(Data items)
-----

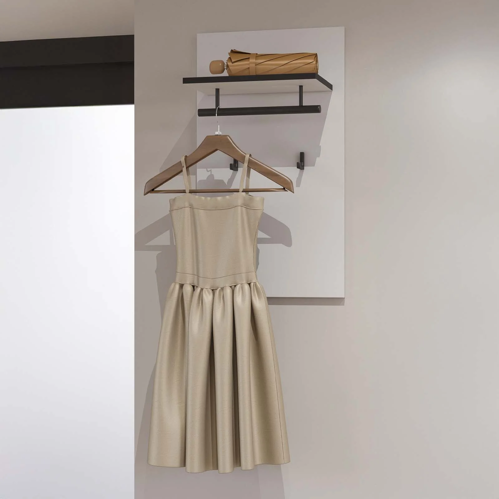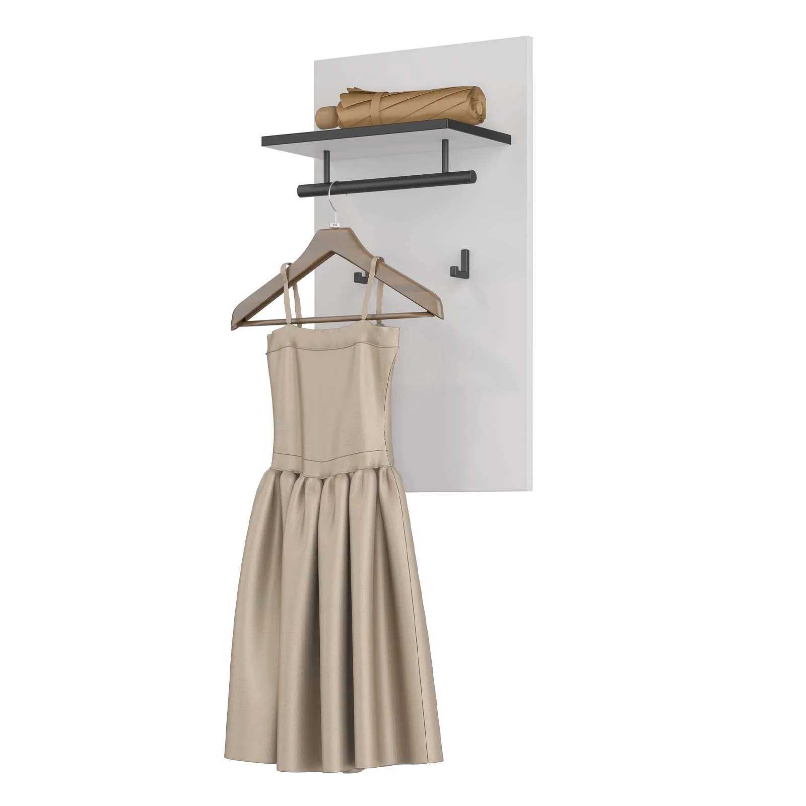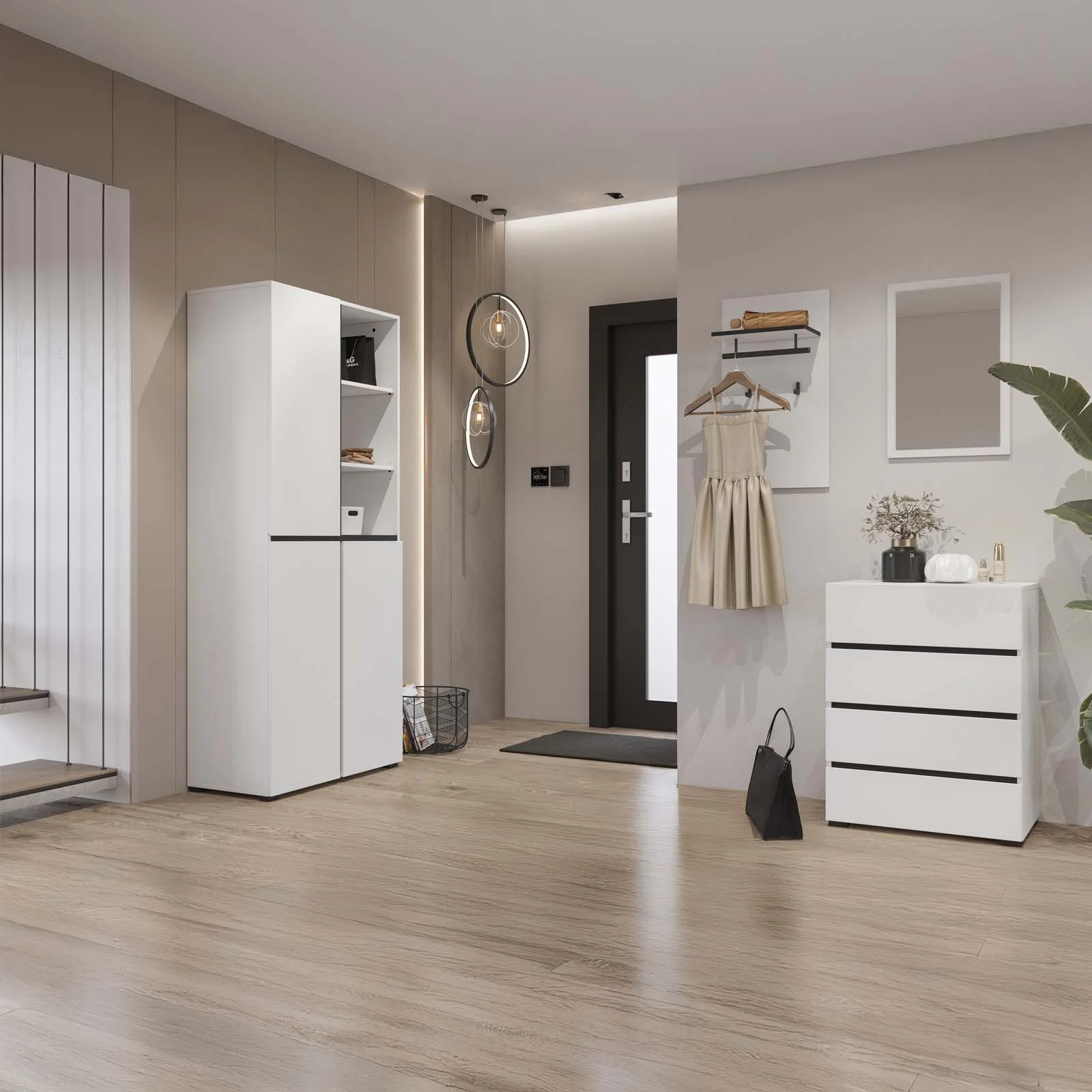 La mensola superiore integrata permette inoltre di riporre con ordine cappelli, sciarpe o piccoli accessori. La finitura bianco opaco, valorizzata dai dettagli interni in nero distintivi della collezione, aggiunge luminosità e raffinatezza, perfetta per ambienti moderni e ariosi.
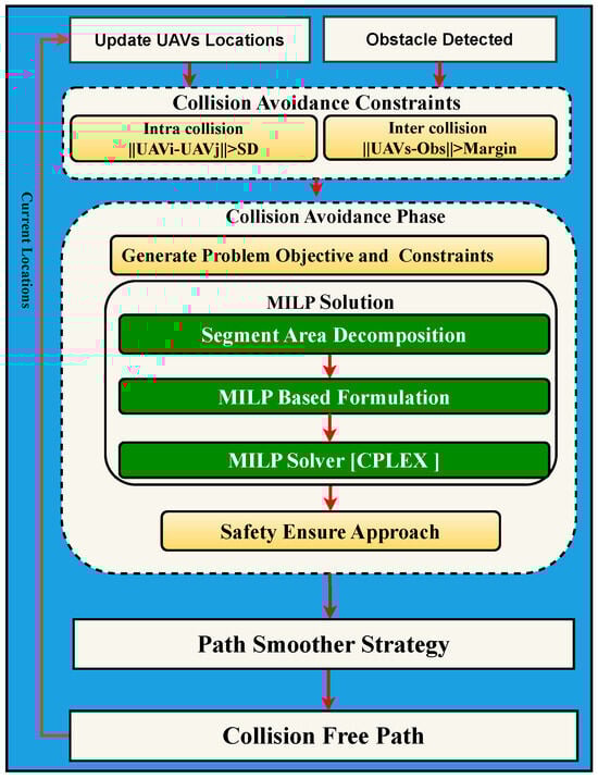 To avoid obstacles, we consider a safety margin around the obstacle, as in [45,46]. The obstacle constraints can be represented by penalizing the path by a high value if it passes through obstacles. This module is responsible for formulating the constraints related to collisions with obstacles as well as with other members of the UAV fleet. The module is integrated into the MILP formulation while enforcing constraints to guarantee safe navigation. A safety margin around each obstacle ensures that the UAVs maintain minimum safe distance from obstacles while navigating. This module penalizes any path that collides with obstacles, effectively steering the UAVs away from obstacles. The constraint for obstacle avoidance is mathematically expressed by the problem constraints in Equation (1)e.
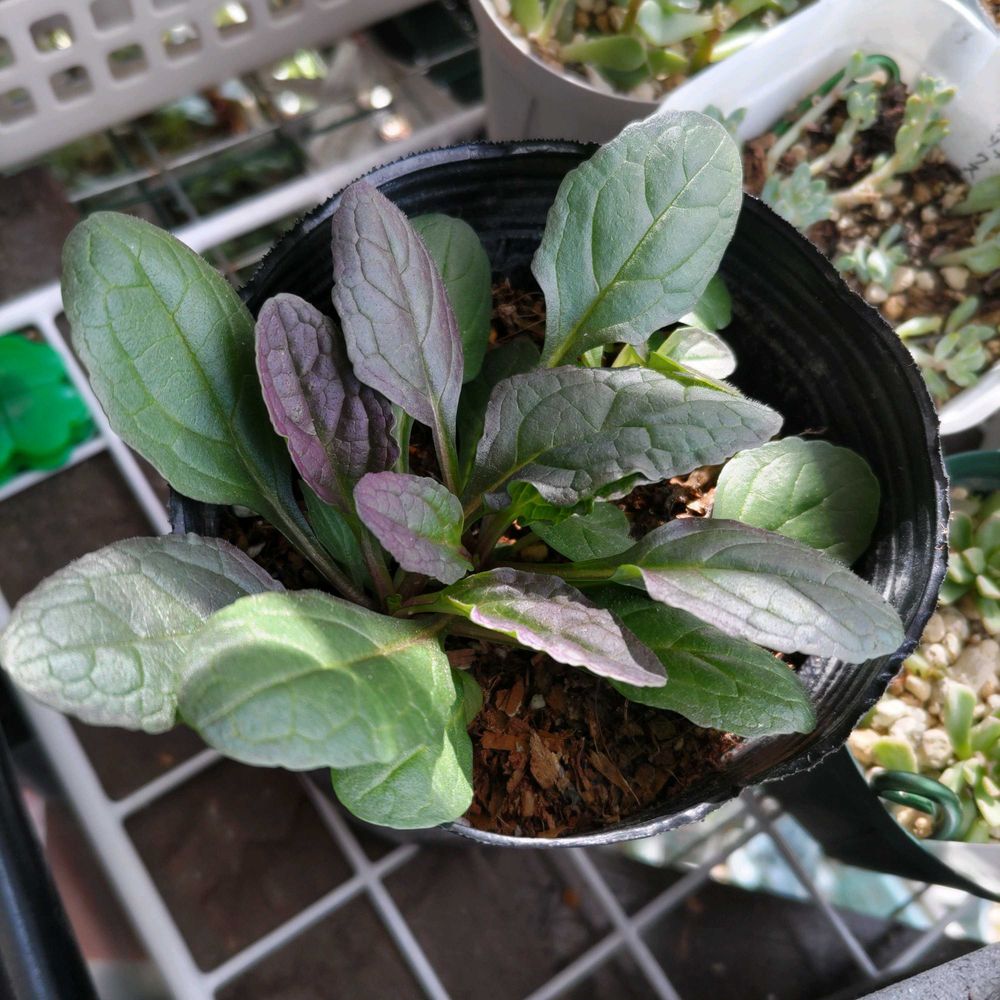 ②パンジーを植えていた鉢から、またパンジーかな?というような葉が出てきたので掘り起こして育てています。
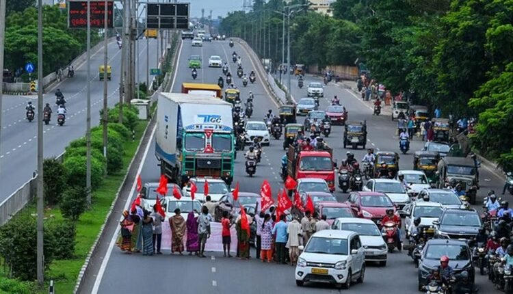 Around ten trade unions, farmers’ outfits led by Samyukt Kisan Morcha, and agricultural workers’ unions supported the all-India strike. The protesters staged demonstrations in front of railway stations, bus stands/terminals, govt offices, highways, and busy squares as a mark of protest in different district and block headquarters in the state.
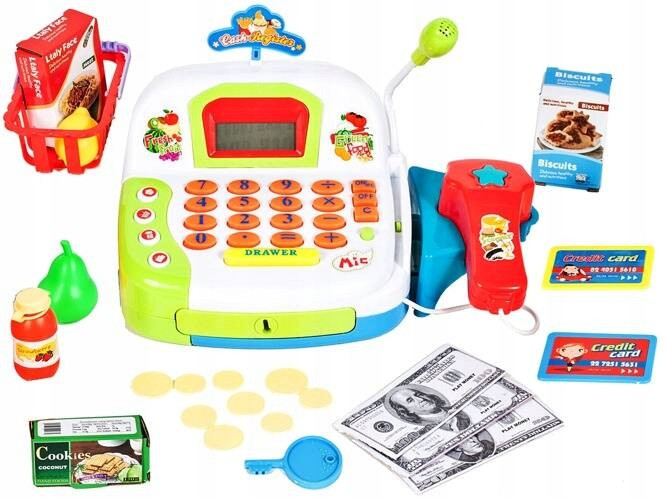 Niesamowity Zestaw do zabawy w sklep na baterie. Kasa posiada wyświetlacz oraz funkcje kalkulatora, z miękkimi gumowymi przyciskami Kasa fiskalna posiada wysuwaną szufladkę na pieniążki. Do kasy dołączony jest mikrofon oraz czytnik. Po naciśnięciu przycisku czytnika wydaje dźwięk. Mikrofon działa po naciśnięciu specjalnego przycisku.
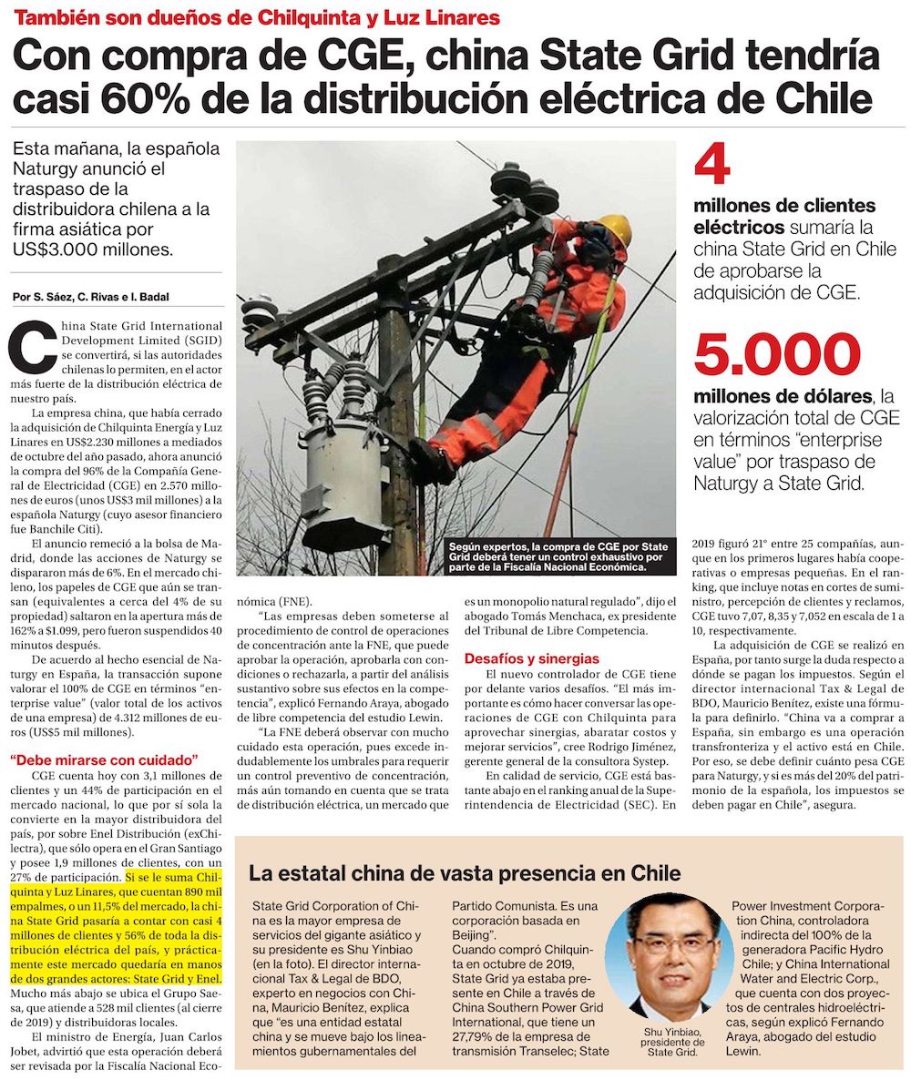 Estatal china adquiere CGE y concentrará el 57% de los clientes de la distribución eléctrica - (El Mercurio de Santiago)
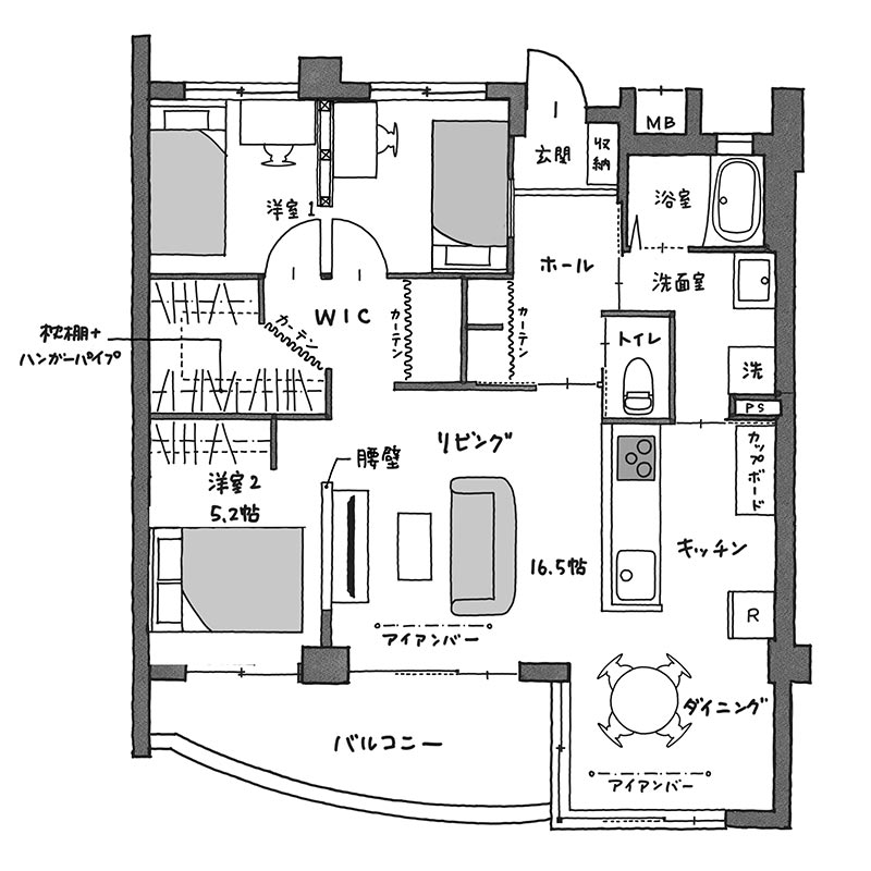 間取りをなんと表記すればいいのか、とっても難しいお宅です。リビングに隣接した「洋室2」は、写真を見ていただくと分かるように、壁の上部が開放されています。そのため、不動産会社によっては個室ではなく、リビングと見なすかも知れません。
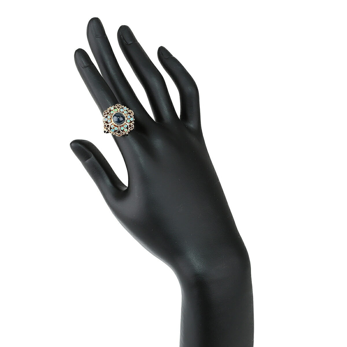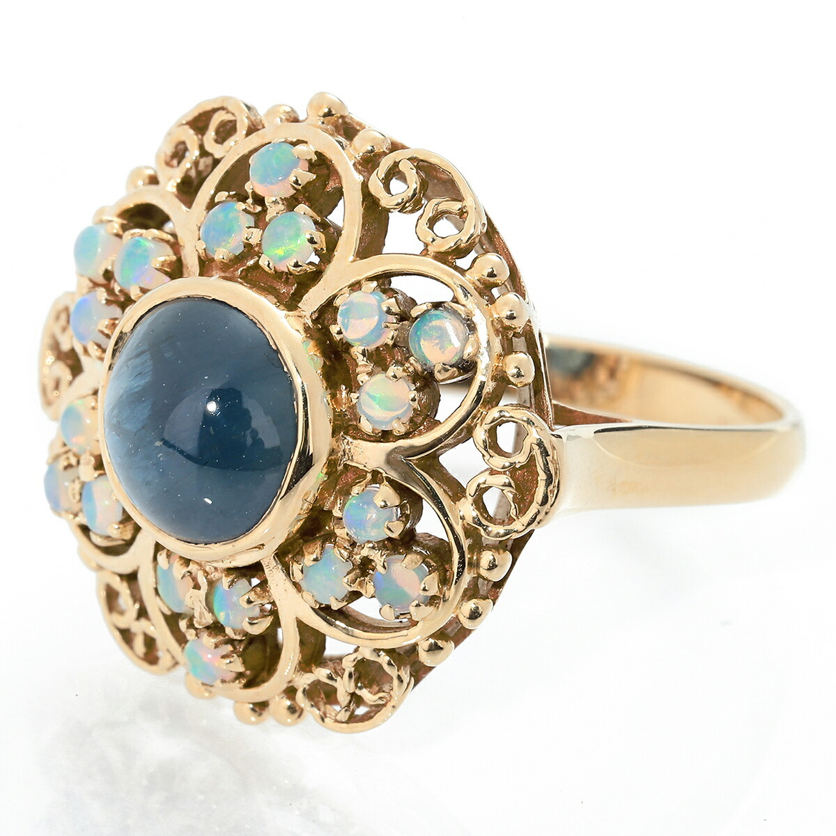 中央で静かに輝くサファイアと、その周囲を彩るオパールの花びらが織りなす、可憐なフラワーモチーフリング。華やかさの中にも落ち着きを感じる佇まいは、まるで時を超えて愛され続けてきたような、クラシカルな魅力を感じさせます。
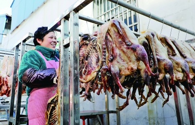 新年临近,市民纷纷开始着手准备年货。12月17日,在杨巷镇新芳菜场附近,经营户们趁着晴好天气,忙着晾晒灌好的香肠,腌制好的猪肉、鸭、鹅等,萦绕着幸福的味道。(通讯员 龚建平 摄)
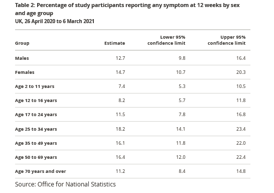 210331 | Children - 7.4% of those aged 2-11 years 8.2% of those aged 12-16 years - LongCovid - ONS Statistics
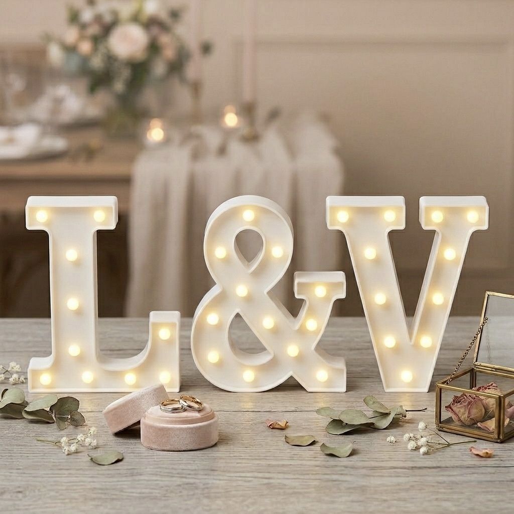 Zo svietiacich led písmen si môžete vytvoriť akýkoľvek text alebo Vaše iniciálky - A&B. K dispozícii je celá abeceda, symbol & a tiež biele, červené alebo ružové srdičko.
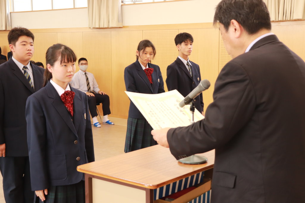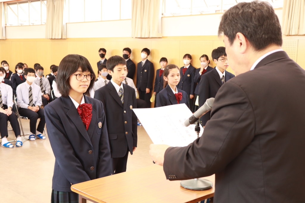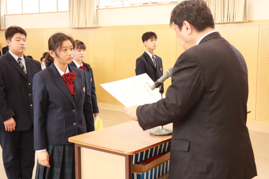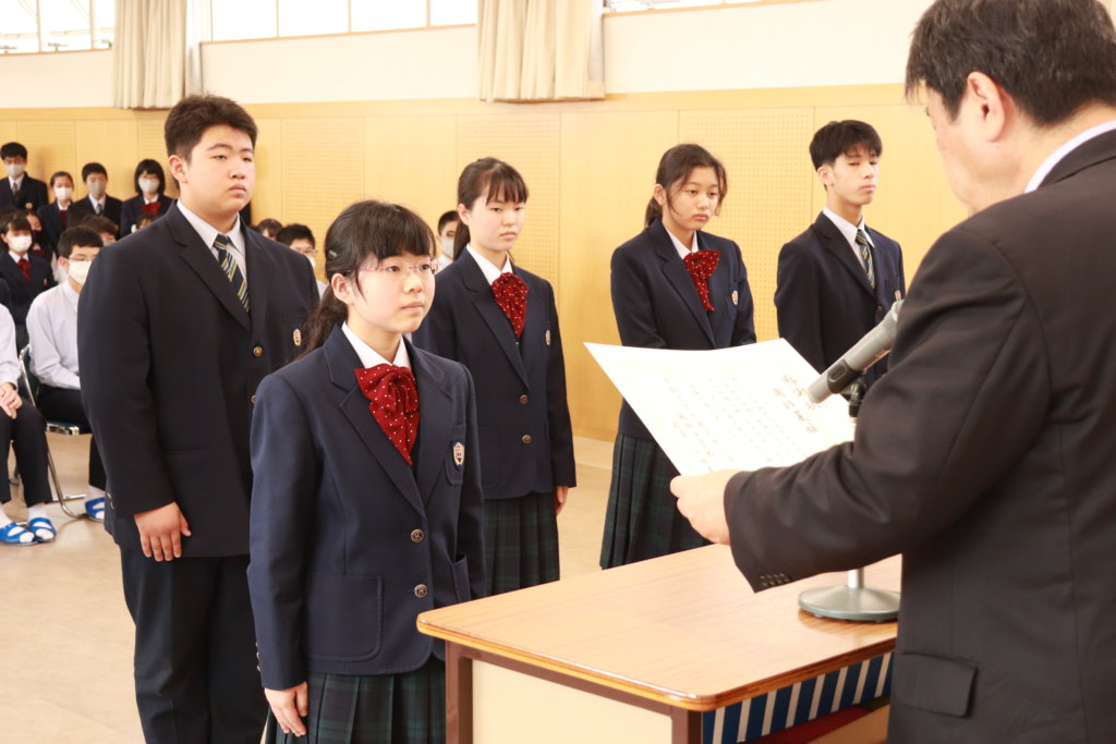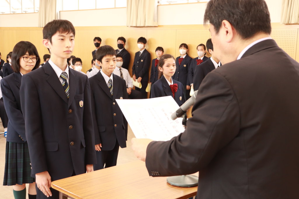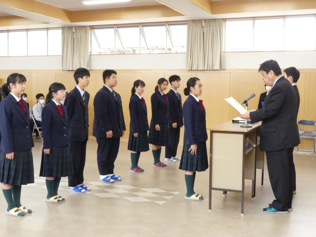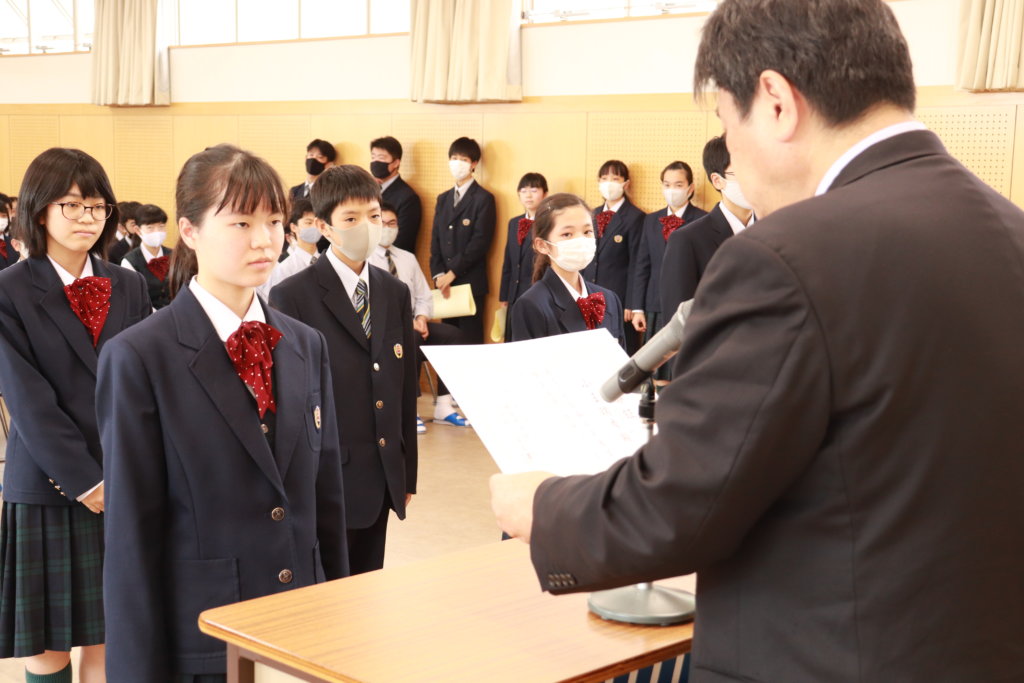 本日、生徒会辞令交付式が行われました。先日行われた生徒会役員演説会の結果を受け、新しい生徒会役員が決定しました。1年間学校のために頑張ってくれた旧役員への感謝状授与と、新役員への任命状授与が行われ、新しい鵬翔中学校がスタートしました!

-----

▶ YOUR ASSIGNMENT: Each line between the one holding "中央で静かに輝くサファイアと" and the one holding "210331 | Children", inclusive, should be copied exactly as it appears above, and pictures should be omitted.

▶ SOLUTION TO THE EXERCISE:
 中央で静かに輝くサファイアと、その周囲を彩るオパールの花びらが織りなす、可憐なフラワーモチーフリング。華やかさの中にも落ち着きを感じる佇まいは、まるで時を超えて愛され続けてきたような、クラシカルな魅力を感じさせます。
 新年临近,市民纷纷开始着手准备年货。12月17日,在杨巷镇新芳菜场附近,经营户们趁着晴好天气,忙着晾晒灌好的香肠,腌制好的猪肉、鸭、鹅等,萦绕着幸福的味道。(通讯员 龚建平 摄)
 210331 | Children - 7.4% of those aged 2-11 years 8.2% of those aged 12-16 years - LongCovid - ONS Statistics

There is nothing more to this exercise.